As with The Lord of the Rings trilogy and the Harry Potter franchise, technology has caught up so effectively with the writer's imagination that the fantasy has not had to be curtailed for the screen, only abridged. That brings advantages and drawbacks. There is the pleasure, if you have read the book, of seeing on screen something as vivid as your own dreams; on the other, there aren't many surprises in store.

For the lucky ones who haven't read Lewis's book, and are still ready to be surprised, a quick précis. At the outset of the Second World War (illustrated here with a premature and overplayed Blitz), the four Pevensie children are evacuated to the deep countryside, to live in a grand old house with the Professor and his stern housekeeper. During a game of hide and seek, the youngest child, Lucy, stumbles through the back of a wardrobe, into a magical, snowbound land, which turns out to be Narnia. Here she is befriended by a slightly camp faun, Tumnus.

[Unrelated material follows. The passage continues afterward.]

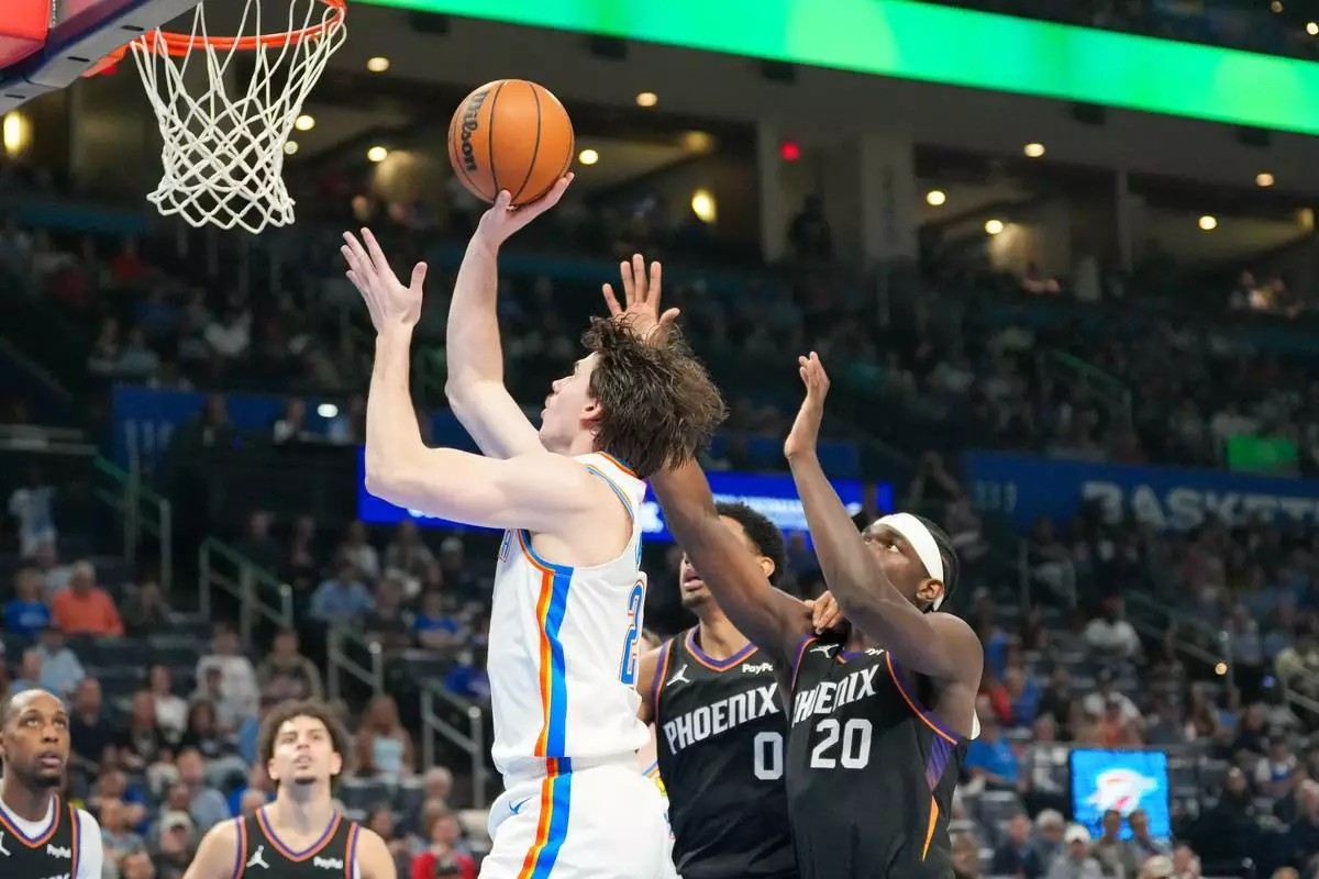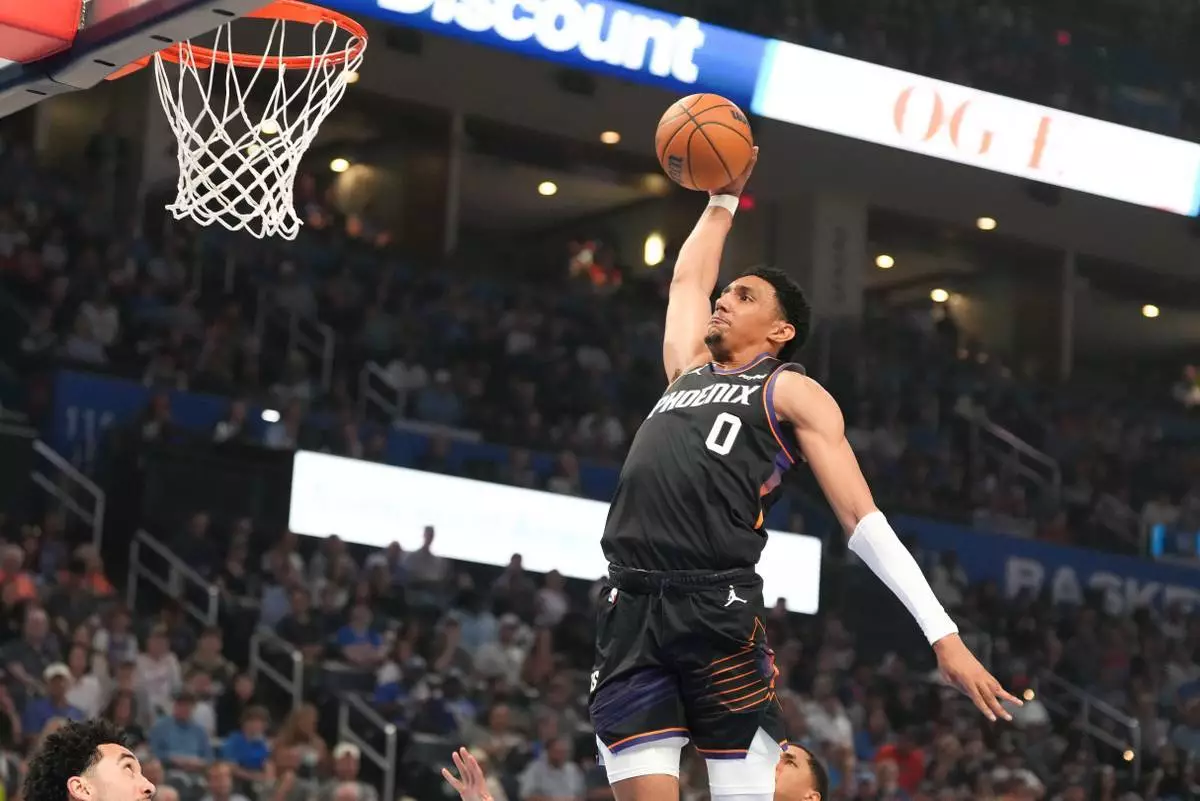 奧克拉荷馬城訊:NBA常規賽周日晚舉行煞科戰,鳳凰城太陽隊(Phoenix Suns)在查馬利布耶亞(Jamaree Bouyea)攻入生涯新高27分及送出9次助攻,以及賴恩鄧恩(Ryan Dunn)貢獻20分及11個籃板下,以135比103大勝奧克拉荷馬城雷霆隊(Oklahoma City Thunder)。這場比賽對兩隊而言均屬無關痛癢。
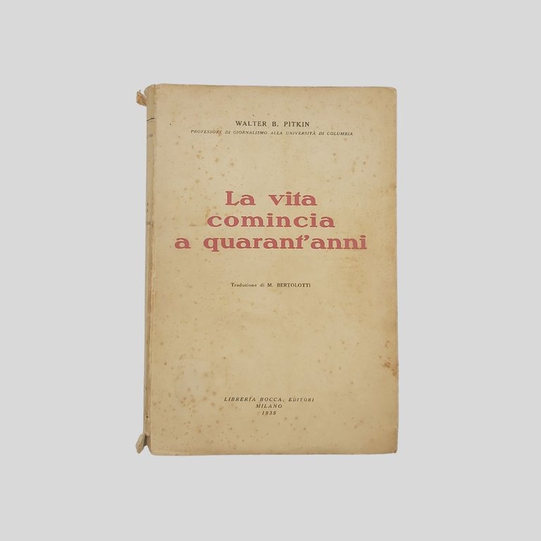 La vita comincia a quarant’anni. Traduzione di M. Bertolotti. | Libri antichi e moderni | Pitkin Walter B. –

Later, her initially incredulous siblings also end up there, and discover that they are destined to free the land from the tyranny of the White Witch, who has ensured that it is always winter, never Christmas. They are assisted by a host of talking beasts, of various degrees of zoological plausibility, and Aslan. There is a long chase, some fighting, a couple of sad bits, and then a happy ending.

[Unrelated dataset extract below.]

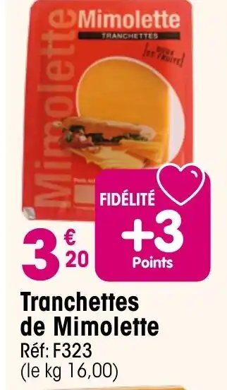 Le prix de l'offre Tranchettes de Mimolette se trouve également en haut de la page, ainsi que la date à laquelle l'offre est disponible. Vous pouvez également vérifier les prix dans le Catalogue Croque Gel actuel ou sur le site Internet de Croque Gel. Les offres vous permettent d'acheter les produits Croque Gel au prix le plus bas.
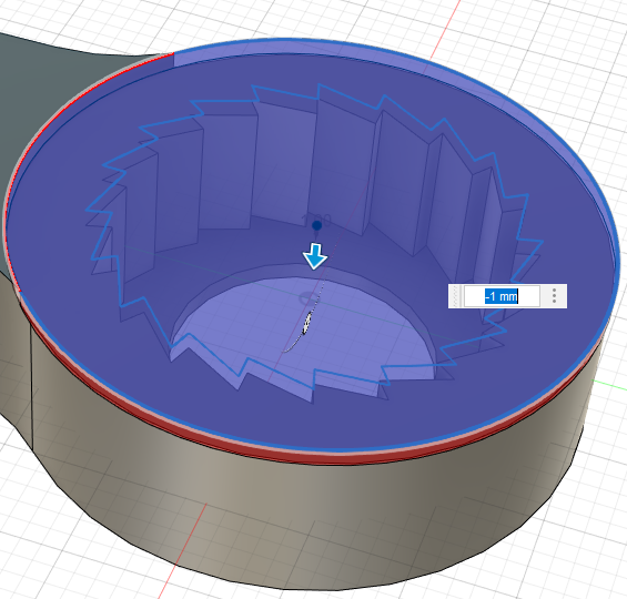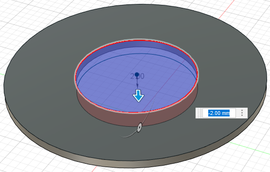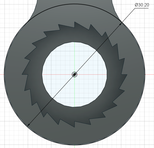 외형 사이즈인 30mm 만큼 원을 그립니다. 그다음 1mm 만큼 돌출시킵니다.

Over the years, the book has aroused widespread alarm, because of what is seen as Lewis's over-pushy Christian proselytising, and because of his patronising attitudes towards women and non-white races. Only this week, I read one distinguished commentator suggesting both that the Christian allegory is screamingly obvious, and that in any case Aslan isn't a very good fit for Christ; while on the radio I heard another suggesting that since Lewis's notoriously dodgy racial views aren't evident in the film, they must have been "Disneyfied" out of existence.

While the social attitudes and religion do get a little overpowering in some of the later episodes of the Narnia sequence (and I'll be interested to see how Hollywood copes), this opener is thoroughly harmless. The only racial groups with grounds for complaint here are minotaurs and cyclopes, while Christianity is mixed up with a whole grab-bag of other myths, Nordic and Greco-Roman - something we're alerted to early on, by James McAvoy's flirtatious Tumnus, a twinkle in his eye suggesting he is less faun than satyr.

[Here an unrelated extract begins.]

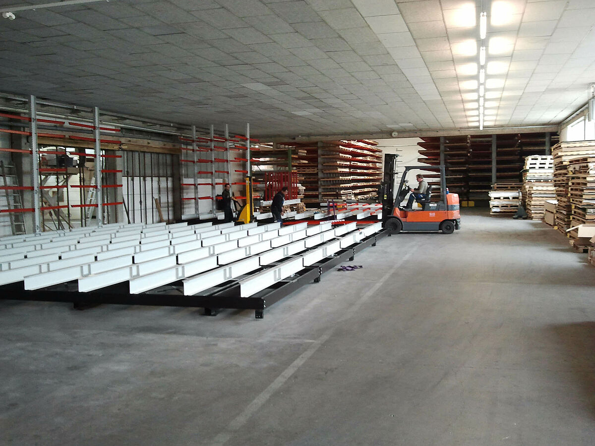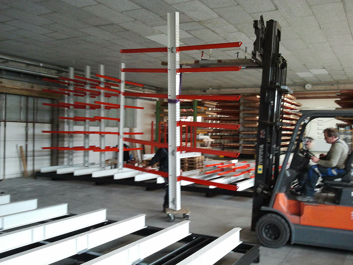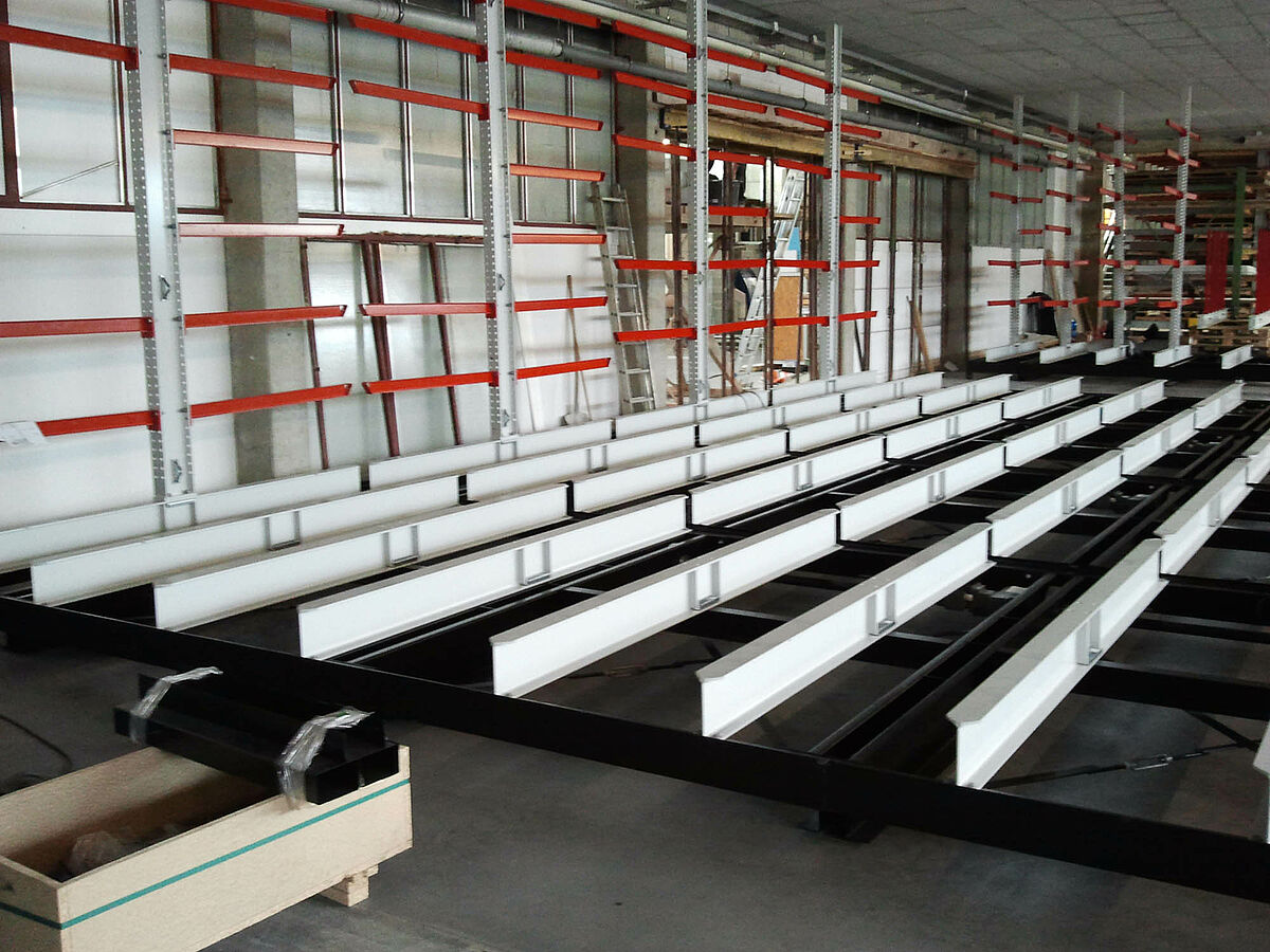 Die vond erform bij OHRA: de in Kerpen bij Keulen gevestigde specialist in draagarmstellingen biedt een systeem waarbij de stellingen op verrijdbare onderstellen worden gemonteerd. Deze verrijdbare stellingen maken bijna 100 procent meer opslagcapaciteit mogelijk dan normale, vast gemonteerde stellingen. De experts van OHRA monteerden bij erform een installatie met vijf 9 meter lange, tweezijdige draagarmstellingen. Binnen een hoogte van 4080 millimeter zijn zeven stellingniveaus gerealiseerd. Naast de op de verrijdbare onderstellen gemonteerde stellingen biedt een vaststaande, eenzijdige stelling nog meer opslagoppervlak.

As for women - well, here the film may be said to rescue Lewis from himself. As Lucy, 10-year-old Georgie Henley is game and plausible, while Anna Popplewell makes Susan, the most underdrawn of the four children, very attractively sceptical and catty.

Most of all there is the White Witch: Tilda Swinton's pale, slightly inhuman beauty is not what I envisaged when I read the book, but even with her head sticking up from a series of dresses that aren't so much tailored as upholstered, she is enchanting. Under the circumstances, young Edmund's decision to betray the others to her seems like a perfectly understandable adolescent male reaction.

Parents of other adolescent males should consider that her appearance in the climactic battle-scene, all spikes and fur and flashing swords, may well inculcate a strain of sexual fantasy with which they are not comfortable.

If the girls come out of it rather well, the boys are less satisfactory. The only full-bloodedly virile character on show is Ray Winstone's cockneyfied talking beaver (another triumph of computer generated imagery, scampering and bounding and sniffing the air in a very believably beaverish manner).

But Peter Pevensie (William Moseley) is a priggish cipher of decency and bravery - here, the film follows the books in the wrong ways - and the biggest disappointment is Liam Neeson's voicing of Aslan, which has all the warmth and command of a public information film. Once he's arrived, the film's energy swiftly dissipates.

Even then, there are pleasures: that last battle, rigged up from Lewis's sketches, swooping griffins, bounding leopards and thundering centaurs. If it isn't on the same scale as the battle of Helm's Deep in The Lord of the Rings - well, be thankful.